(Stored items)
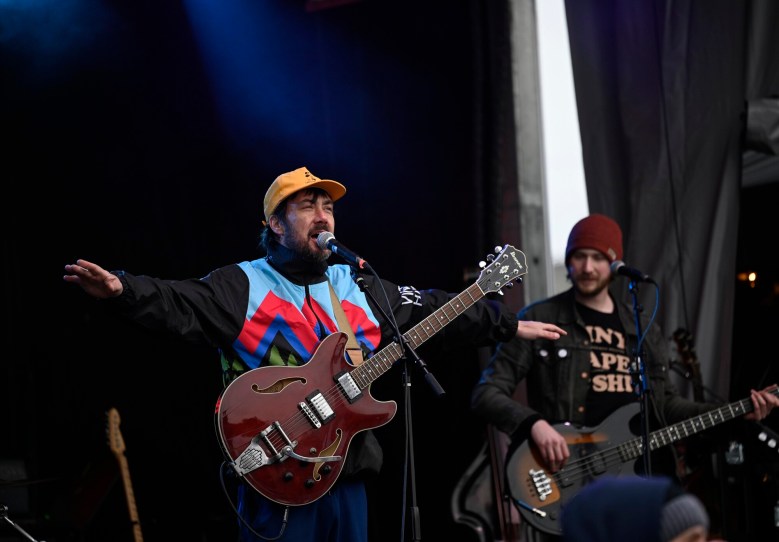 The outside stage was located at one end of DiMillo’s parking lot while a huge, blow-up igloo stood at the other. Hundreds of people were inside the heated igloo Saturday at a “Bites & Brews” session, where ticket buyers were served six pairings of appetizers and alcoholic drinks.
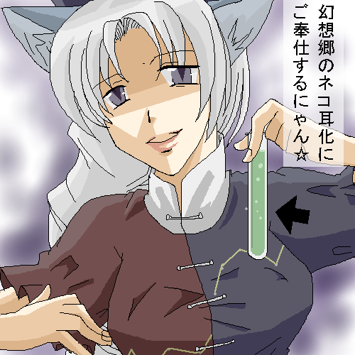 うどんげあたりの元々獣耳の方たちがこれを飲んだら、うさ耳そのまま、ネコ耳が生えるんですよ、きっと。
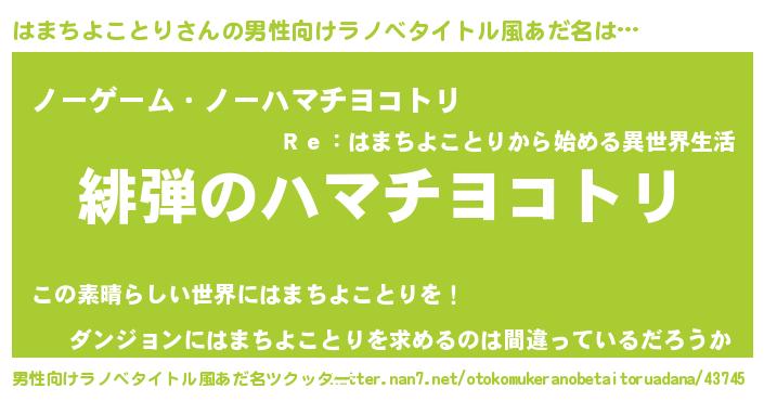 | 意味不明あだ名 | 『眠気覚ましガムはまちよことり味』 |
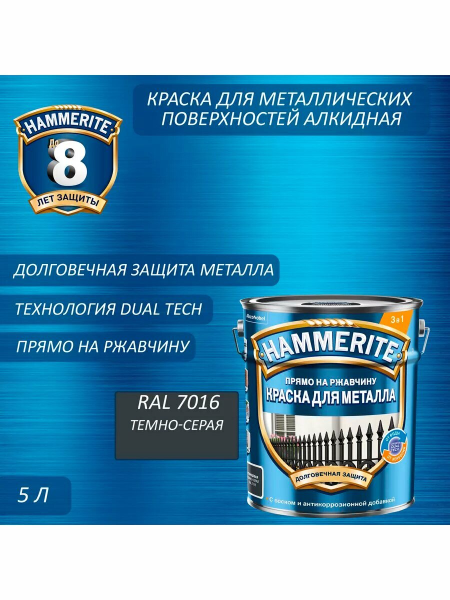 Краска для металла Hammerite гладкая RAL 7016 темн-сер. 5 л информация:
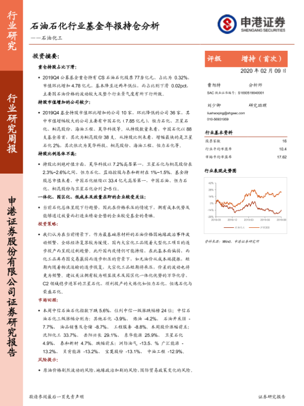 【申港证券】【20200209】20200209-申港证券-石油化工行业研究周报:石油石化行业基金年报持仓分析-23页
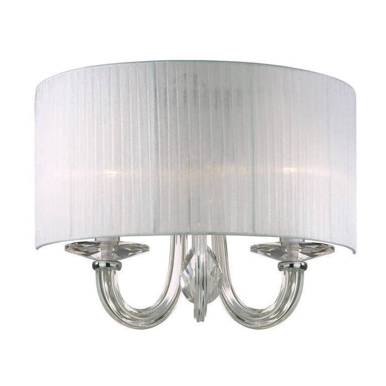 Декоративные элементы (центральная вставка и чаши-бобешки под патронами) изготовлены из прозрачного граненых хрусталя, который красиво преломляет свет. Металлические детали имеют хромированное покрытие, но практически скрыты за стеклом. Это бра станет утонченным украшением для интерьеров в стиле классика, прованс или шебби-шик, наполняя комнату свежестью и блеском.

:: WHAT YOU WILL DO ::
Exclude the pictures and reproduce every entry exactly.

:: ANSWER BELOW ::
 The outside stage was located at one end of DiMillo’s parking lot while a huge, blow-up igloo stood at the other. Hundreds of people were inside the heated igloo Saturday at a “Bites & Brews” session, where ticket buyers were served six pairings of appetizers and alcoholic drinks.
 うどんげあたりの元々獣耳の方たちがこれを飲んだら、うさ耳そのまま、ネコ耳が生えるんですよ、きっと。
 | 意味不明あだ名 | 『眠気覚ましガムはまちよことり味』 |
 Краска для металла Hammerite гладкая RAL 7016 темн-сер. 5 л информация:
 【申港证券】【20200209】20200209-申港证券-石油化工行业研究周报:石油石化行业基金年报持仓分析-23页
 Декоративные элементы (центральная вставка и чаши-бобешки под патронами) изготовлены из прозрачного граненых хрусталя, который красиво преломляет свет. Металлические детали имеют хромированное покрытие, но практически скрыты за стеклом. Это бра станет утонченным украшением для интерьеров в стиле классика, прованс или шебби-шик, наполняя комнату свежестью и блеском.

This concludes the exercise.